[New-bugs-announce] [issue4341] Update __hash__ doc
Terry J. Reedy
report at bugs.python.org
Mon Nov 17 22:48:35 CET 2008
New submission from Terry J. Reedy <tjreedy at udel.edu>:
Language/data model/special method names/ __hash__
Sentence 1: "Called for the key object for dictionary operations, and by
the built-in function hash()."
Also called for the members of set and frozenset (and any other hashed
based collection).
Suggestion 1: "Called by the built-in function hash() and for operations
on members or keys of hashed collections. These currently include the
built-in classes set, frozenset, and dict."
Corresponding future-proof changes later in the text:
>From "its instances will not be usable as dictionary keys"
to "its instances will not be usable as hashable members or keys".

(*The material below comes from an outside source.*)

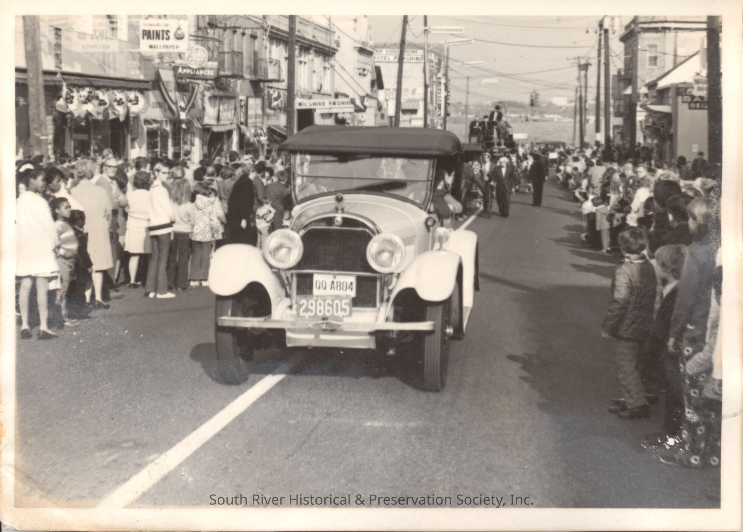 Photograph of an antique automobile in the parade held for the celebration of South River's 250th anniversary in 1970. The car has two license plates, one from 1924 and a modern plate identifying the car as an antique.

>From "since the dictionary implementation requires"
to "since hashable collection implementations require"
==============================
Sentence 2: "Should return an integer usable as a hash value for
dictionary operations."
I am confused by the qualification 'usable....'. If it does not
qualify, it is meaningless and should be removed. If it does qualify,
it should be replaced by what it means.
My impression is that integers of any value are usable since 2.5.
It is also my impression that 2.x specifically requires an int or long.
If so, "Should return an int or long integer." would be clearer.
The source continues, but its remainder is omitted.